Hdac8 Gene is an important component in the neurobiology of neurodegenerative diseases. This page provides detailed information about its structure, function, and role in disease processes.
| Histone Deacetylase 8 | |
|---|---|
| Gene Symbol | HDAC8 |
| Full Name | Histone Deacetylase 8 |
| Chromosome | Xq13.1 |
| NCBI Gene ID | 55869 |
| OMIM | 300269 |
| Ensembl ID | ENSG00000147099 |
| UniProt ID | Q9BVI0 |
| Associated Diseases | Cornelia de Lange Syndrome, Cancer, Neurodevelopmental Disorders |
HDAC8 (Histone Deacetylase 8) is a zinc-dependent class I histone deacetylase enzyme that catalyzes the removal of acetyl groups from lysine residues in histone and non-histone proteins. As one of 11 zinc-dependent HDAC isoforms in humans, HDAC8 is unique among class I HDACs for its cytoplasmic localization and role in regulating non-histone proteins including TP53, estrogen receptor alpha, and the SMC3 cohesin complex.

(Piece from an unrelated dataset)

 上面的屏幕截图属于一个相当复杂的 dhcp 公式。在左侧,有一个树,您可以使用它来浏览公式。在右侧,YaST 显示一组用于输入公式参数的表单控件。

HDAC8 is widely expressed in various tissues with particularly high expression in the brain, where it participates in epigenetic regulation, neuronal differentiation, and synaptic plasticity.
In neurodegenerative diseases, HDAC8 has emerged as a significant therapeutic target due to its role in regulating gene expression programs associated with neuronal survival, neuroinflammation, and protein aggregation. Elevated HDAC8 activity has been observed in Alzheimer's disease and Parkinson's disease brains, contributing to transcriptional repression of neuroprotective genes. HDAC8 inhibitors have shown promise in preclinical models for enhancing cognitive function, reducing neuroinflammation, and promoting clearance of pathological protein aggregates.

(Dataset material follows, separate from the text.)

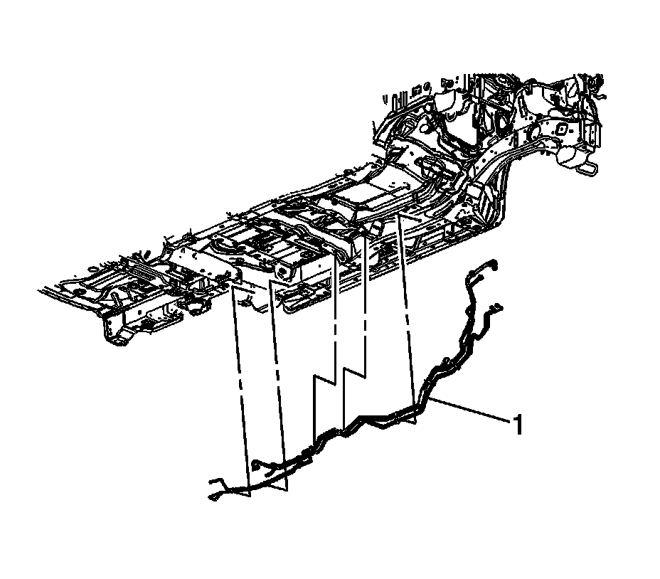 2. Install the brake, fuel and EVAP line bundle (1) to the vehicle.

HDAC8 encodes histone deacetylase 8, a class I histone deacetylase primarily known for its role in regulating gene expression through histone deacetylation. HDAC8 is unique among class I HDACs in its structure and enzymatic regulation. It is involved in various cellular processes including cell cycle progression, development, and differentiation. HDAC8 substrates include not only histones but also transcription factors and structural proteins. In the brain, HDAC8 may play roles in neuronal development and synaptic function.
Expressed in various tissues with high expression in brain, heart, and skeletal muscle. Nuclear localization in neurons and other cell types.
| Disease | Variants | Inheritance | Mechanism |
|---|---|---|---|
| Cornelia de Lange Syndrome | Various | X-linked dominant | Transcriptional dysregulation |
| Cancer | Overexpression | Oncogene | Altered cell cycle |
| Neurodevelopmental disorders | Variants | Variable | Altered development |
The study of Hdac8 Gene has evolved significantly over the past decades. Research in this area has revealed important insights into the underlying mechanisms of neurodegeneration and continues to drive therapeutic development.
Historical context and key discoveries in this field have shaped our current understanding and will continue to guide future research directions.